# REQUIREMENT:
What follows is a set of records; repeat them exactly, without the pictures.

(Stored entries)

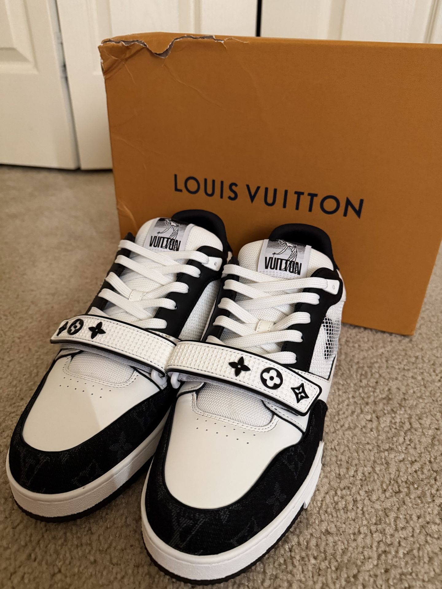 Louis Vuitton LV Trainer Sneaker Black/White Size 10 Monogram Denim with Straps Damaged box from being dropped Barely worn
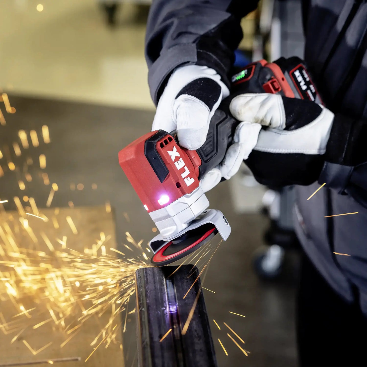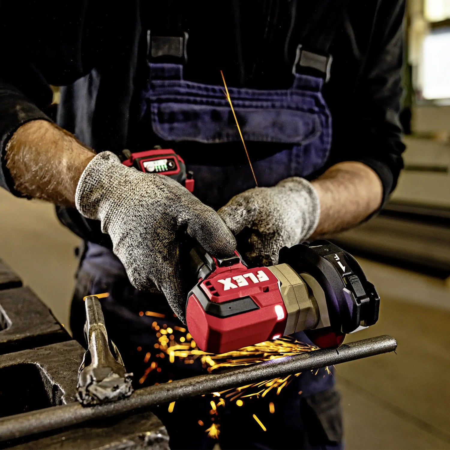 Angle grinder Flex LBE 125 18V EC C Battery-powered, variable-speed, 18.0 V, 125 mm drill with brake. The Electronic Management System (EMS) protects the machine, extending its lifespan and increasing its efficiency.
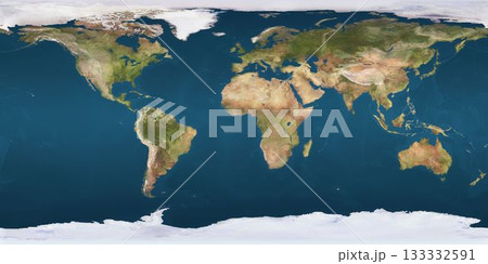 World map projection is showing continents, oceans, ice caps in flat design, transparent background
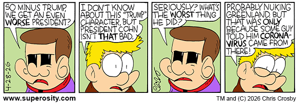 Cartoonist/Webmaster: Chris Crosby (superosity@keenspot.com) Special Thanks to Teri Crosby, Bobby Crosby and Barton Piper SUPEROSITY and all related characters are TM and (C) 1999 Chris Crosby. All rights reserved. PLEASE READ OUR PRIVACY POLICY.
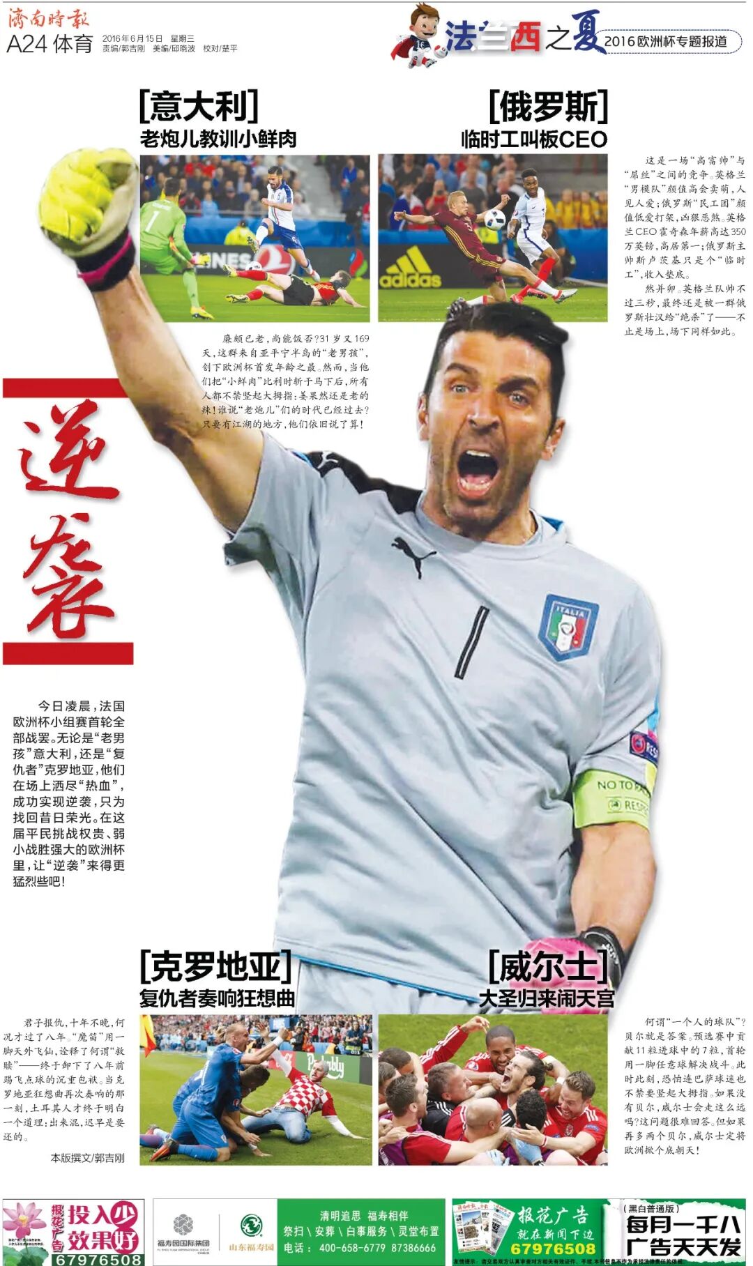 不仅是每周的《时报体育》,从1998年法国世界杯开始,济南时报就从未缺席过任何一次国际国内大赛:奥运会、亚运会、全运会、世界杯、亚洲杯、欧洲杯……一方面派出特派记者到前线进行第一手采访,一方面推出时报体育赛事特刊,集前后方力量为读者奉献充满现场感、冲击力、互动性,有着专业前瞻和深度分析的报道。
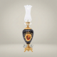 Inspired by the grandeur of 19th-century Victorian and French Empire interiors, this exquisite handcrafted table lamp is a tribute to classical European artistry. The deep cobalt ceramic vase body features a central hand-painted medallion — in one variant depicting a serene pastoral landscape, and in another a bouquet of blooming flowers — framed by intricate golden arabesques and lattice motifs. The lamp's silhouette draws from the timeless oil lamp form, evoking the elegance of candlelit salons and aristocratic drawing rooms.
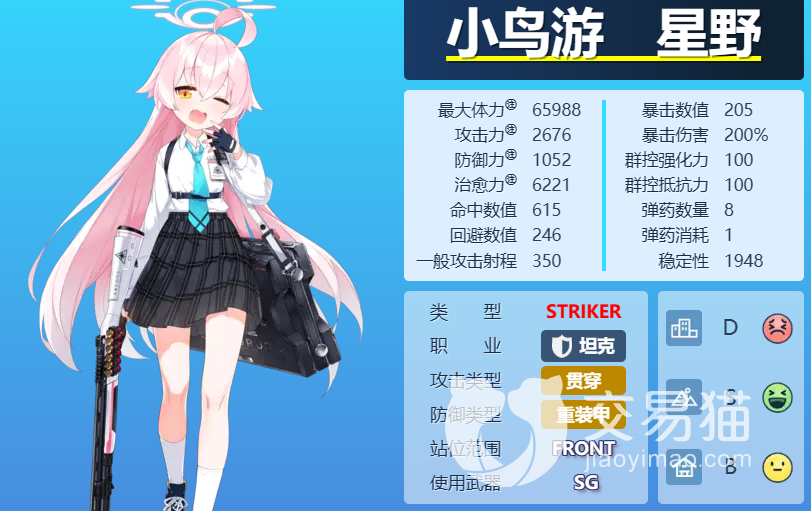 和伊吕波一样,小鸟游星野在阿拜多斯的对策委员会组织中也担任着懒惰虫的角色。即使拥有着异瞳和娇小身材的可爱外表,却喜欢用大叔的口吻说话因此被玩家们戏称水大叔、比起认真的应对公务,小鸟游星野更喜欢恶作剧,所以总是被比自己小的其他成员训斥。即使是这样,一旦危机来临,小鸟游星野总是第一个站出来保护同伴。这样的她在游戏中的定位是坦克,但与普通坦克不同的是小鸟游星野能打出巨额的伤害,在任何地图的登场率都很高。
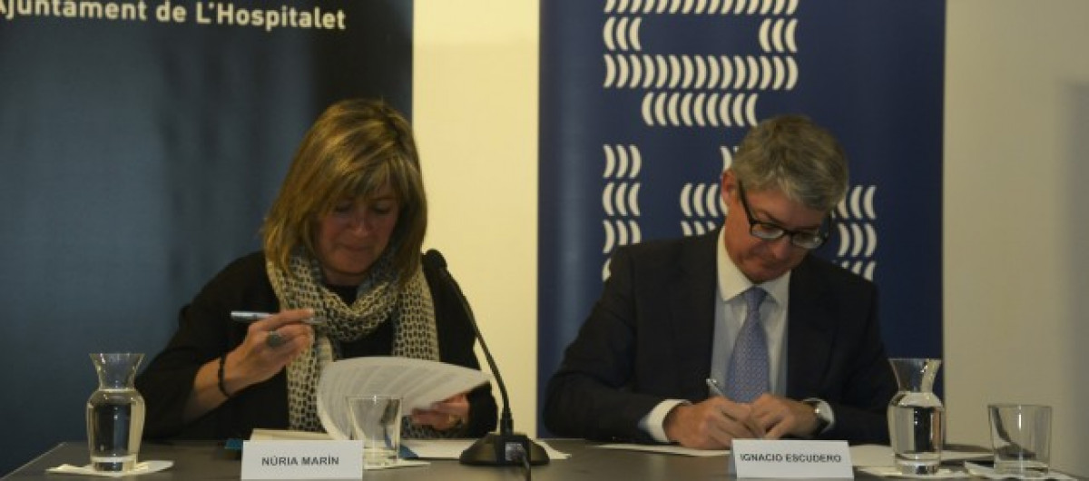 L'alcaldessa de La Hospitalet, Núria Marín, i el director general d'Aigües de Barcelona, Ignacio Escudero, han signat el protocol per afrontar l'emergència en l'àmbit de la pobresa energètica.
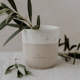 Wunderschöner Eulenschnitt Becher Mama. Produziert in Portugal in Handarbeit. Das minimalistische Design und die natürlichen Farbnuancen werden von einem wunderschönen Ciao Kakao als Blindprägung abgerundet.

# WRITTEN SOLUTION:
 Louis Vuitton LV Trainer Sneaker Black/White Size 10 Monogram Denim with Straps Damaged box from being dropped Barely worn
 Angle grinder Flex LBE 125 18V EC C Battery-powered, variable-speed, 18.0 V, 125 mm drill with brake. The Electronic Management System (EMS) protects the machine, extending its lifespan and increasing its efficiency.
 World map projection is showing continents, oceans, ice caps in flat design, transparent background
 Cartoonist/Webmaster: Chris Crosby (superosity@keenspot.com) Special Thanks to Teri Crosby, Bobby Crosby and Barton Piper SUPEROSITY and all related characters are TM and (C) 1999 Chris Crosby. All rights reserved. PLEASE READ OUR PRIVACY POLICY.
 不仅是每周的《时报体育》,从1998年法国世界杯开始,济南时报就从未缺席过任何一次国际国内大赛:奥运会、亚运会、全运会、世界杯、亚洲杯、欧洲杯……一方面派出特派记者到前线进行第一手采访,一方面推出时报体育赛事特刊,集前后方力量为读者奉献充满现场感、冲击力、互动性,有着专业前瞻和深度分析的报道。
 Inspired by the grandeur of 19th-century Victorian and French Empire interiors, this exquisite handcrafted table lamp is a tribute to classical European artistry. The deep cobalt ceramic vase body features a central hand-painted medallion — in one variant depicting a serene pastoral landscape, and in another a bouquet of blooming flowers — framed by intricate golden arabesques and lattice motifs. The lamp's silhouette draws from the timeless oil lamp form, evoking the elegance of candlelit salons and aristocratic drawing rooms.
 和伊吕波一样,小鸟游星野在阿拜多斯的对策委员会组织中也担任着懒惰虫的角色。即使拥有着异瞳和娇小身材的可爱外表,却喜欢用大叔的口吻说话因此被玩家们戏称水大叔、比起认真的应对公务,小鸟游星野更喜欢恶作剧,所以总是被比自己小的其他成员训斥。即使是这样,一旦危机来临,小鸟游星野总是第一个站出来保护同伴。这样的她在游戏中的定位是坦克,但与普通坦克不同的是小鸟游星野能打出巨额的伤害,在任何地图的登场率都很高。
 L'alcaldessa de La Hospitalet, Núria Marín, i el director general d'Aigües de Barcelona, Ignacio Escudero, han signat el protocol per afrontar l'emergència en l'àmbit de la pobresa energètica.
 Wunderschöner Eulenschnitt Becher Mama. Produziert in Portugal in Handarbeit. Das minimalistische Design und die natürlichen Farbnuancen werden von einem wunderschönen Ciao Kakao als Blindprägung abgerundet.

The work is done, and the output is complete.